**GIVEN INFORMATION**
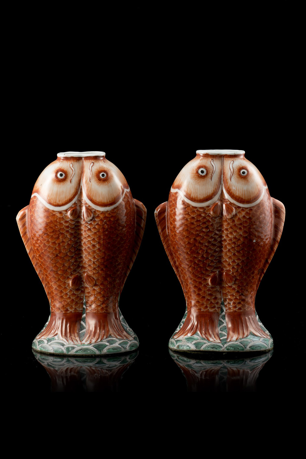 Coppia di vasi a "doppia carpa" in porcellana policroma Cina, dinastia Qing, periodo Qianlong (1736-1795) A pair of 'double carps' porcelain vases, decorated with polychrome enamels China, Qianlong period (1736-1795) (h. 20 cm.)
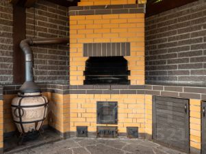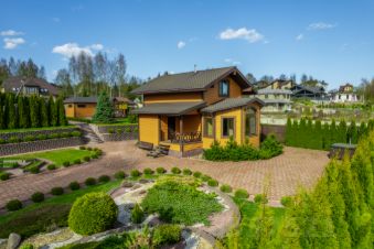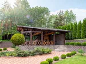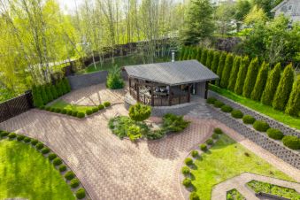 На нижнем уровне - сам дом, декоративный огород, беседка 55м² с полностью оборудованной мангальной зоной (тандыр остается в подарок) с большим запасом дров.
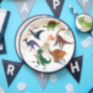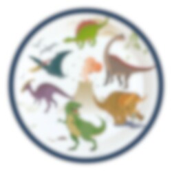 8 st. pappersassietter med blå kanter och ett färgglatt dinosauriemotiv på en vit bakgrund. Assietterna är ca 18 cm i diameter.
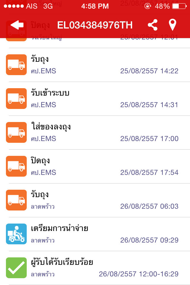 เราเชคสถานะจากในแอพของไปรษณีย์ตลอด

**TASK REQUIREMENTS**
Each line above should be written out again exactly, without any image.

**THE COMPLETED TASK**
 Coppia di vasi a "doppia carpa" in porcellana policroma Cina, dinastia Qing, periodo Qianlong (1736-1795) A pair of 'double carps' porcelain vases, decorated with polychrome enamels China, Qianlong period (1736-1795) (h. 20 cm.)
 На нижнем уровне - сам дом, декоративный огород, беседка 55м² с полностью оборудованной мангальной зоной (тандыр остается в подарок) с большим запасом дров.
 8 st. pappersassietter med blå kanter och ett färgglatt dinosauriemotiv på en vit bakgrund. Assietterna är ca 18 cm i diameter.
 เราเชคสถานะจากในแอพของไปรษณีย์ตลอด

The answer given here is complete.